AIM OF THE TASK: Beginning at the line that contains "texture boards. Background" and finishing at the line that contains "Wallpaper Embossed leaf silhouettes, warm", output the data below exactly. Include both end lines and no pictures.

SUPPLIED ENTRIES:

┄┄┄┄┄┄┄┄┄┄

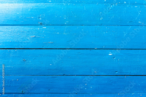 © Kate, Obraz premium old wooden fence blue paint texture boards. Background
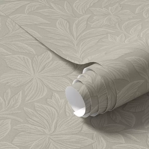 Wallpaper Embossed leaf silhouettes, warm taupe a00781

┄┄┄┄┄┄┄┄┄┄

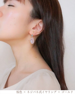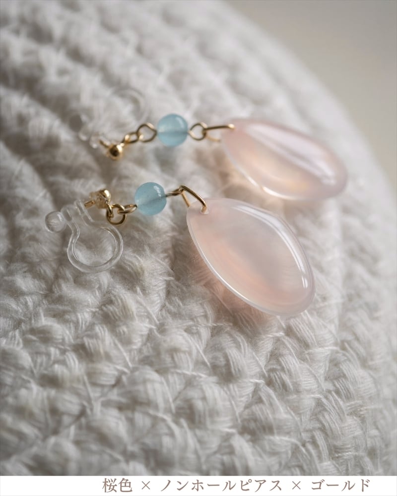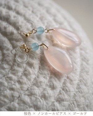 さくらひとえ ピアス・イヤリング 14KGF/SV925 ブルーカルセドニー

┄┄┄┄┄┄┄┄┄┄

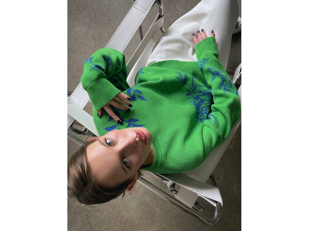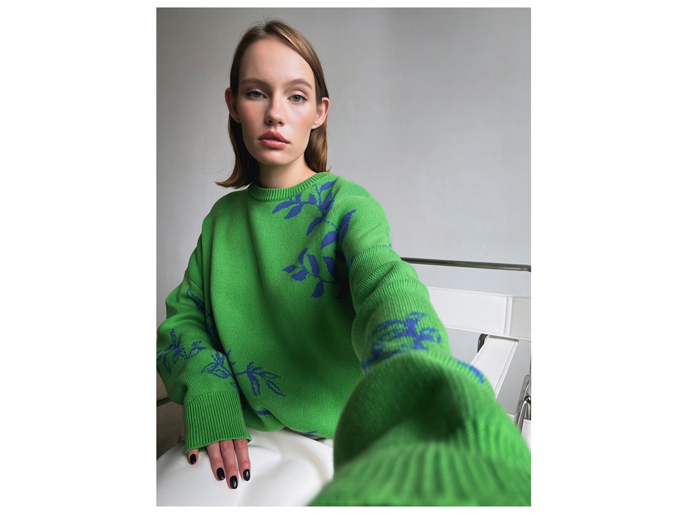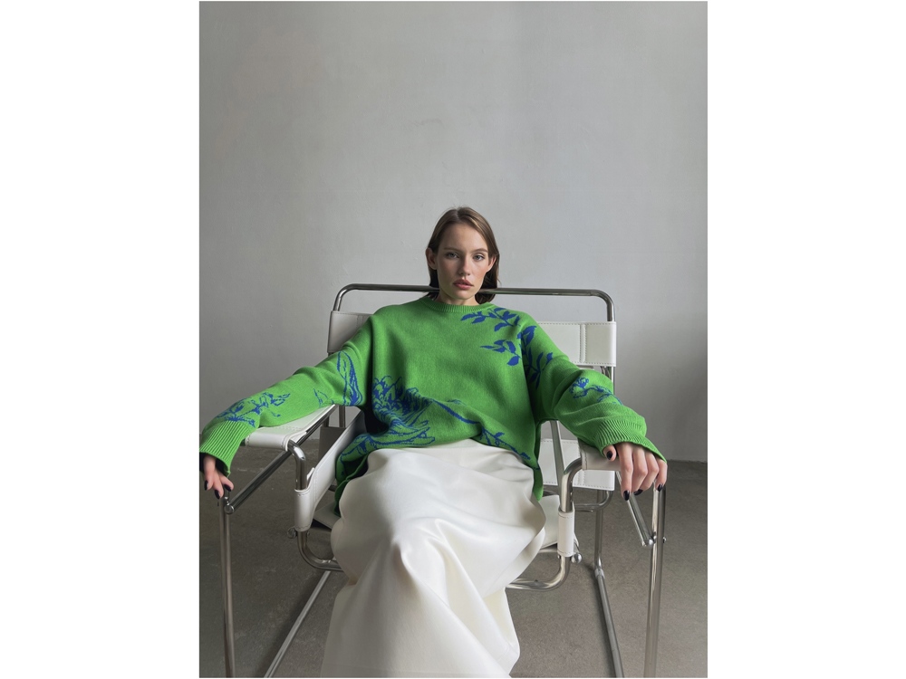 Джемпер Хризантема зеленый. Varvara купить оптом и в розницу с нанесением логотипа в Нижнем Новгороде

┄┄┄┄┄┄┄┄┄┄

ANSWER SECTION:
 © Kate, Obraz premium old wooden fence blue paint texture boards. Background
 Wallpaper Embossed leaf silhouettes, warm taupe a00781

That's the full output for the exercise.